Though it was not stated in the ordinance or the fee-adjusting resolution, a memo by Gieleghem, read aloud by Clinton Township Clerk Kim Meltzer, mentioned that the supervisor’s office and Community Relations & Media Services Department will make a food truck page for the township website to help truck operators find the information they need to do business in Clinton Township.

“I wish other communities that are not doing anything would take a look at some of the things we’re trying to do, because it is very difficult for us to be only one sometimes out front,” Cannon said.


Parks projects
Trustees also approved a change in scope for the Prince Drewry Park pathway project, as contractor Best Asphalt Inc. is donating fill soil from another project to help level 3.5 acres of the park’s fields.

“This is a major improvement to Prince Drewry Park,” Matuzak said. “Prince Drewry Park was built on a landfill that shifts and moves and changes; and when you’re on the fields, there are dips and dives; and when it rains, there are puddles.

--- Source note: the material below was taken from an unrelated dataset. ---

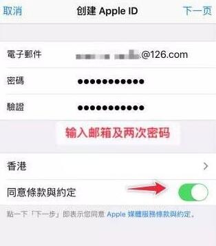 输入邮箱,两次密码,“同意条款与约定”需要开启。 Apple ID 的密码要求比较高,必须不少于 8 个字符,包括 1 个数字,1 个大写字母和 1 个小写字母,不要使用空格和连续 3 次相同的字符。

The fact that this contractor was willing to work with us to make a substantial donation to improve this park is unbelievably good.”

The soil will be used to level out the northern end of the park for football and soccer uses. Transportation, regrading, furnishing and installation of the soil will be done at no cost to the township, while $51,250 will be added to the project cost for hydroseed restoration, watering and soil testing.

While the project is expected to improve park conditions once completed, two groups will be inconvenienced by the work in the short term. The Quinn Road Reunion will have to work around the park’s condition as it may be at the time of the event, while the QRD Tarheels youth football program will need a new practice field for the time being. The township will work with the Tarheels to find a new field, with the Clinton Township Housing Commission’s fields being the most likely site.

Trustees also accepted a $100,000 grant from the Southeast Michigan Council of Governments and the Environmental Protection Agency to help fund improvements to the parking lot at Joy Park.